Today these same conservatives seem so surprised by the result of giving our “job creators” such freedom that they’re turning to great replacement theories according to credible polling.

Tucker Carlson speaks (spoke) accurately about the angst which white workers feel about being replaced. But he’s mostly wrong about the causes. It should be obvious that those causing the problems also pay him well via their corporate advertising dollars. But it’s also a political site so “the other” must always be blamed.

I wouldn't have a problem since most Dems are also complicit. Except for that part where conservatives think themselves daring avant-garde thinkers by blaming only them.

Cousin Dupree said...

"this site frequently mentions Trump."

So frequent, the last time was November 2020.

Cousin Dupree said...

"The great replacement conspiracy theory" is as crazy as the idea that Reagan could have twice been elected governor of California.

julie said...

They never actually read the posts, do they? Just skim for something to trigger a monologue about their pet obsession. They're drawn to an attractor all right, and he's been living rent-free in their heads since 2016. Sad.

Gagdad Bob said...

Never a comment on the actual substance, just their own programed preoccupations. Matrix + Narrative = Progressive.

Van Harvey said...

aninnymouse squawked I would never have mentioned Trump... but then I did mention Trump and AHH! i did it again, but I never have mentioned Trump... AHH! i did it again, but I never have mentioned Trump... but AHH! i did it again, but I never have mentioned Trump... but then I did mention Trump and AHH! i did it again, again, but I never have mentioned Trump... but AHHHHHH!!!! ....

Good lord 'man', just get yourself a shrubbery and be done with it.

Anonymous said...

Maybe I stand corrected Dupree, but I’m not wrong about this site proclaiming Trump to be unfairly maligned. And Trump is no Reagan, who was unfairly maligned. And misunderstood IMHO, mostly by todays "conservative".

And yes Julie, I'll try harder to comment only on the actual substance.

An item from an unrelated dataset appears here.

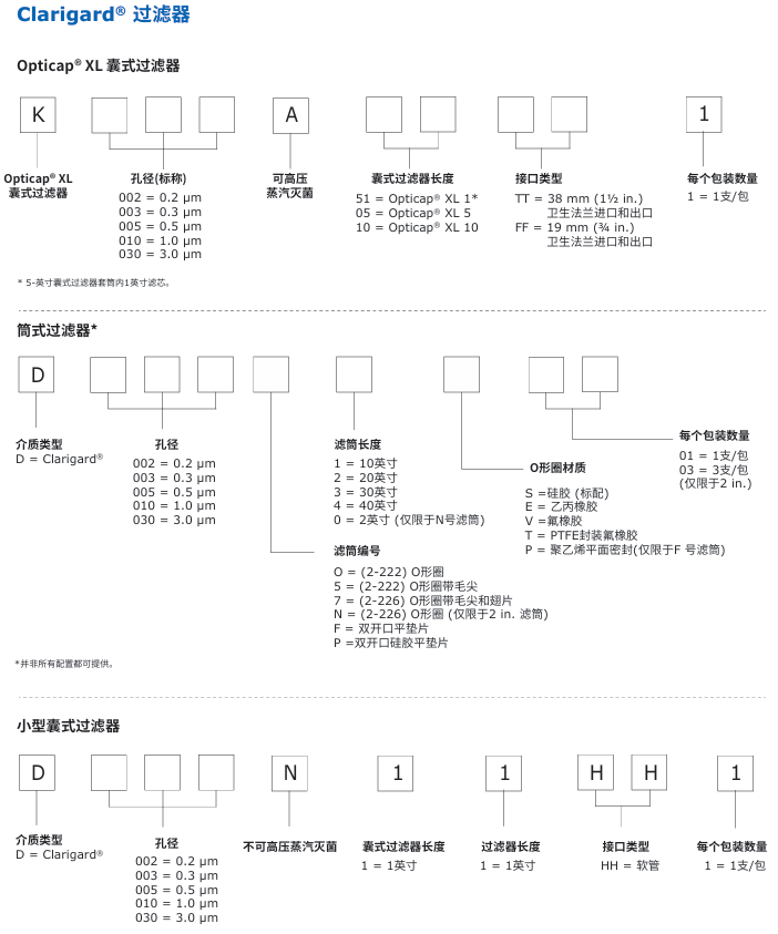 Clarigard®系列 由梯度密度分布的聚丙烯介质构成,用于工艺流体的澄清和预过滤。 99.99%截留特性使其非常适合于保护关键下游工艺步骤,例如膜过滤 器或层析前。梯度密度结构为滤器提供了最大的过滤载量,聚丙烯结构 的可提取物水平低,且具有广泛的化学兼容性。孔径范围为0.2-3.0 µm。

Most bloggers of any ideology do after all, get a bit miffed if one goes straight to playing with the intoxicated commentators instead of presenting post-related thoughts and/or prayers.

Cousin Dupree said...

Fairly maligned.

Anonymous said...

Thanks Dupree. Is she the one who also did that bit about lobbyists owning DC? I’ll put her right behind Epoch News, since as you know, all of big American media is owned by just a handful of megacorporations. If we only just spent a little more time doing Falun Gong.

Anyhoo… how about them shooters?

Nicolás said...

Because he does not understand the objection that refutes him the fool thinks he has been corroborated.

Anonymous said...

Dupree's objection tried to imply folly and/or demonic possession on the part of anybody who disagreed with him. I agreed with him.

Nicolás said...

The imbecile who becomes excited about a truth that moves us humiliates us and disturbs us.